**Task instructions:**
Using the records below, write out only the lines from the line containing "5 in 1 Soprano" up to and including the line containing "中國新四軍研究會副會長 劉春", exactly, with no pictures.

━━ Exercise input ━━

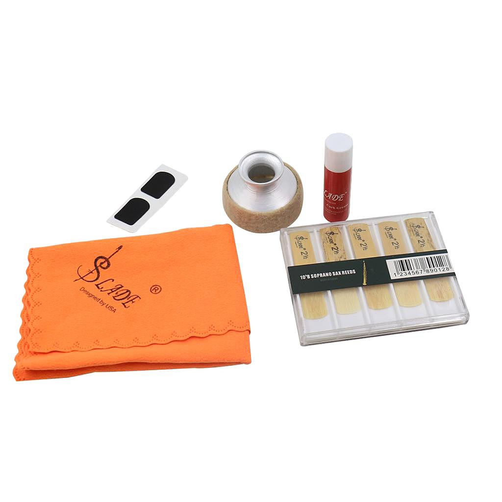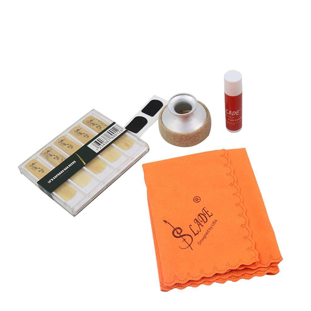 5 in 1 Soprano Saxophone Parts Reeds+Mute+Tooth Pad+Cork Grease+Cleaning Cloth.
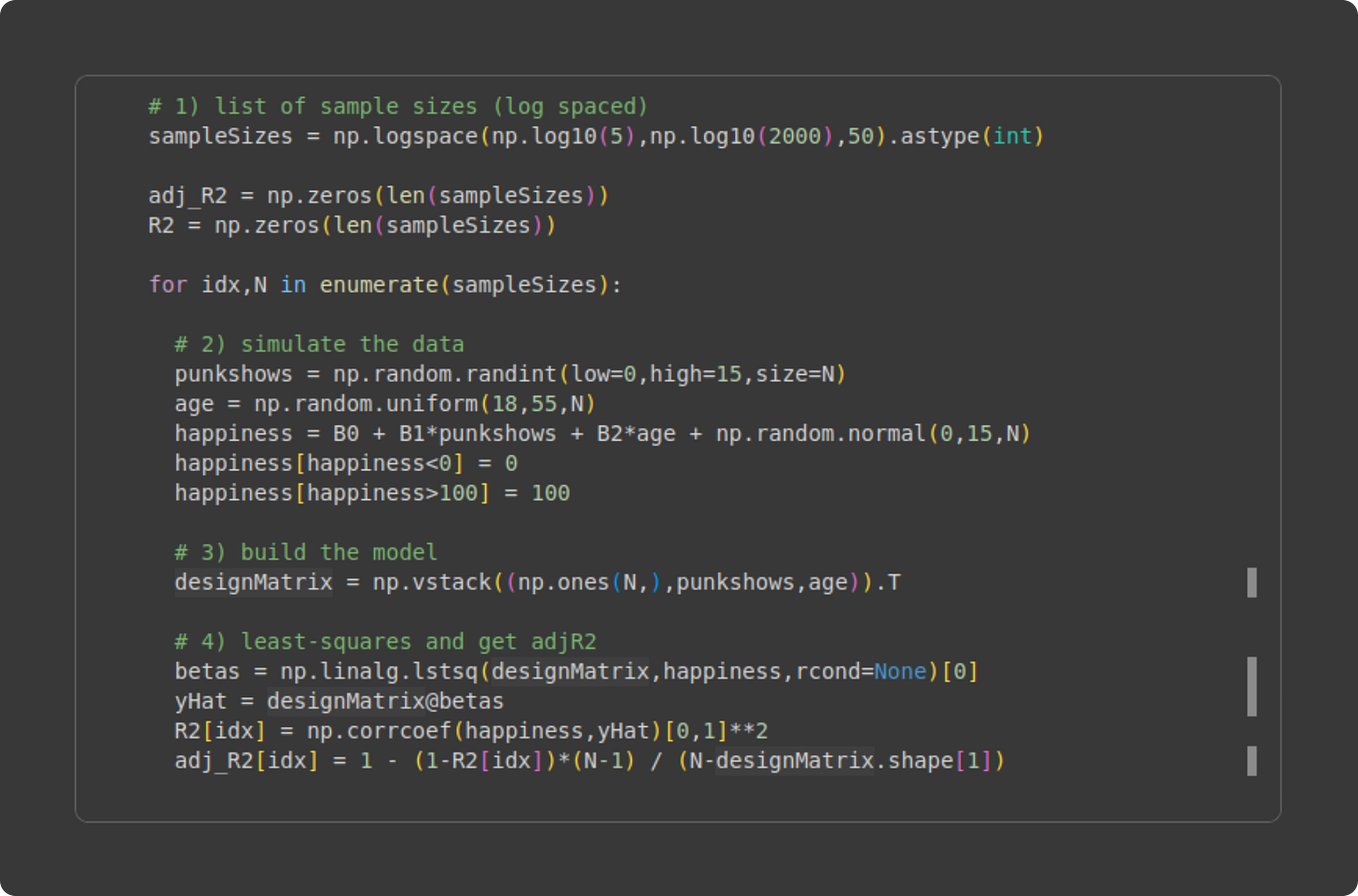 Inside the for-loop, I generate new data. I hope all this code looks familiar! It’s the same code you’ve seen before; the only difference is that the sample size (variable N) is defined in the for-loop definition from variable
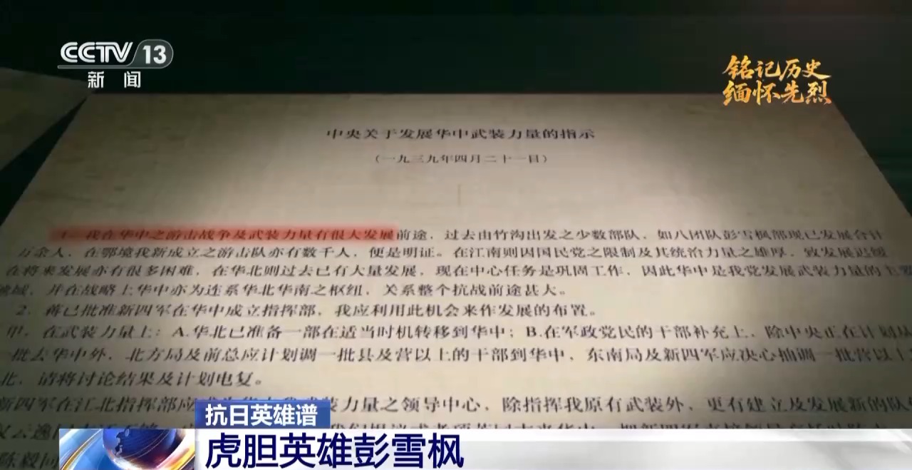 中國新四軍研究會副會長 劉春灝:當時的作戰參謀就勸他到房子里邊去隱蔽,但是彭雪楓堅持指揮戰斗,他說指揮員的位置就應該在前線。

━━━
━━ Exercise input ━━

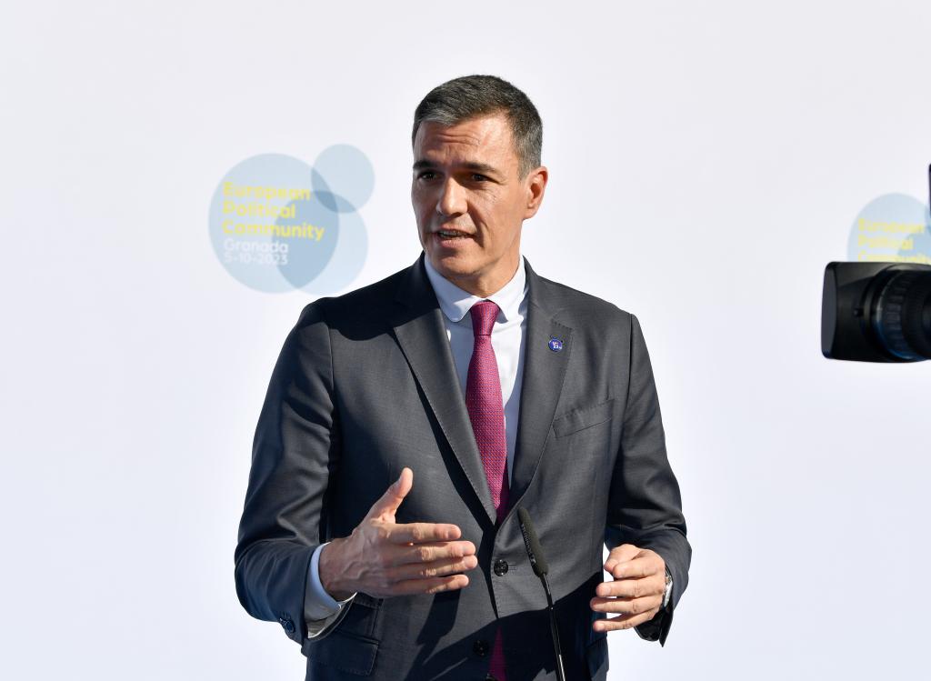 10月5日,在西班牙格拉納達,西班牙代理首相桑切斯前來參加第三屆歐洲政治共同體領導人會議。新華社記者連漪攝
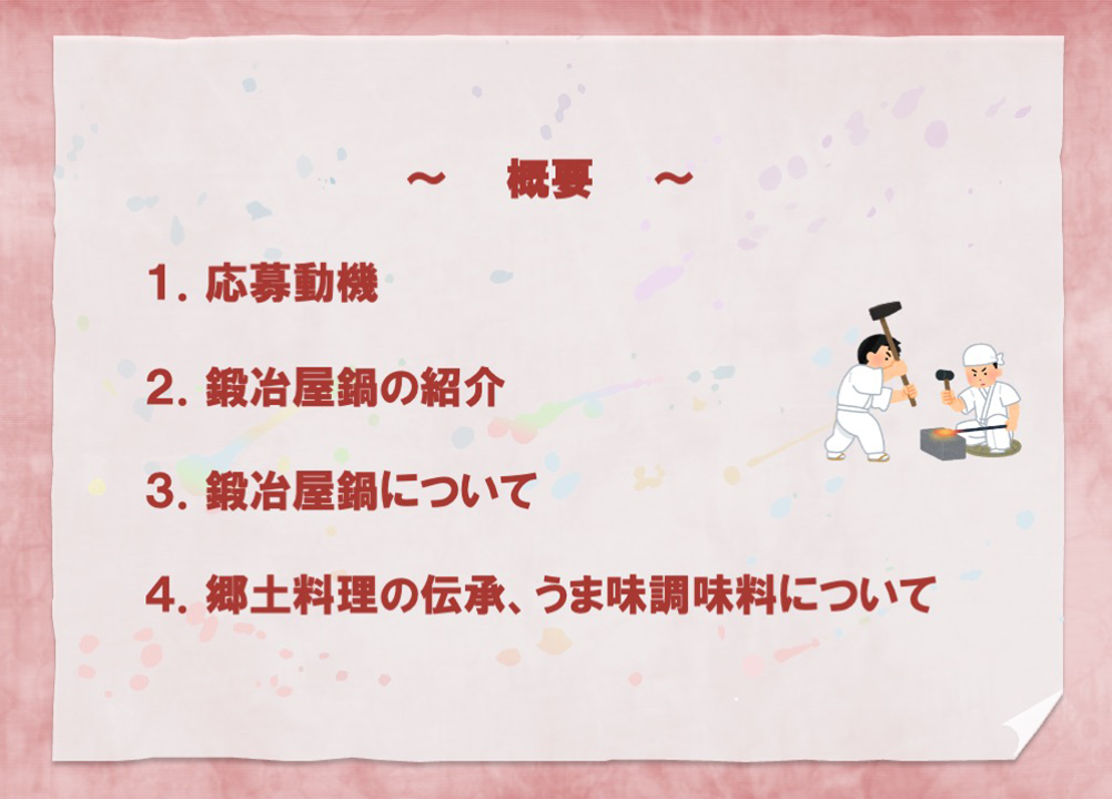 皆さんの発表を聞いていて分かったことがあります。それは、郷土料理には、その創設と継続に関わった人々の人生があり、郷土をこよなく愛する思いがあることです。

━━━

**Written response:**
 5 in 1 Soprano Saxophone Parts Reeds+Mute+Tooth Pad+Cork Grease+Cleaning Cloth.
 Inside the for-loop, I generate new data. I hope all this code looks familiar! It’s the same code you’ve seen before; the only difference is that the sample size (variable N) is defined in the for-loop definition from variable
 中國新四軍研究會副會長 劉春灝:當時的作戰參謀就勸他到房子里邊去隱蔽,但是彭雪楓堅持指揮戰斗,他說指揮員的位置就應該在前線。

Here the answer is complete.